Information technology leaders from some of the UK's largest companies have joined forces to urge the government to keep Information and Communication Technology (ICT) in schools.

Current government proposals will see existing ICT lessons replaced by computer science, which the Department for Education (DfE) claims is a more "rigorous" programme of study than its predecessor. The move, which comes into play in September, will grant schools the autonomy to set their own curriculum.

But the Education and Skills Commission, the group established by The Corporate IT Forum, which includes corporate giants such as McDonalds, GlaxoSmithKline (GSK) and Balfour Beatty, are objecting to the plans.

The commission fears the removal will result in some school providing "virtually no ICT education at all" for the next two years until a new computer-science based curriculum, which has been backed by video games tycoon Ian Livingstone, is installed in 2014.

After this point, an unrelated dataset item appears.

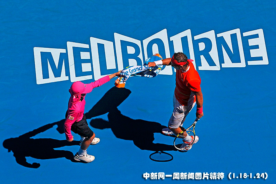 1月20日,在于墨爾本舉行的澳大利亞網(wǎng)球公開賽上,西班牙球手納達(dá)爾在對(duì)陣斯洛伐克球手拉科的比賽中從球童手中接過毛巾。納達(dá)爾最終擊敗拉科晉級(jí)。圖片來源:中國(guó)新聞網(wǎng)

The group's response to the close of the DfE's public consultation on the subject was published on Wednesday and voices its members' concerns.

Chairman of the commission John Harris, who is head of IT strategy at GSK, warned the current ICT curriculum was failing to meet the needs of employers and should be improved as a "matter of urgency".

Despite agreeing with the government's plans to overhaul the existing teaching programme, Harris says he is "very concerned" about the two-year gap which will ensue after the curriculum is scrapped.

"The absence of a programme of study or attainment targets for any period of time will severely disadvantage large groups of children. This will be a result of significant differences in standards between the schools that put in place good quality replacements and those that do the bare minimum or, in the absence of guidance, nothing at all.

"In other words we strongly believe that something is better than nothing."

Harris added the UK "already has a major ICT skills crisis" - one which he claims could worsen if the commission's warnings go unheeded.

"These proposals, if they go ahead, could widen the gap between the best and the worst ICT teaching in schools to an unacceptable level and lead to even greater problems by 2020.

Joanna Poplawska, performance director at the IT Forum, told The Huffington Post UK the commission also recommended "practical" improvements.

"Students should have contact with the IT profession in the work environment. Organisations in the forum are willing to offer placements and coaching to young people to improve their skills.

"We are concerned there will be too much leeway in some schools who may not teach any ICT at all, leaving potential employees severely lacking with the necessary talents. These issues are not adequately being addressed by the education and skills sector."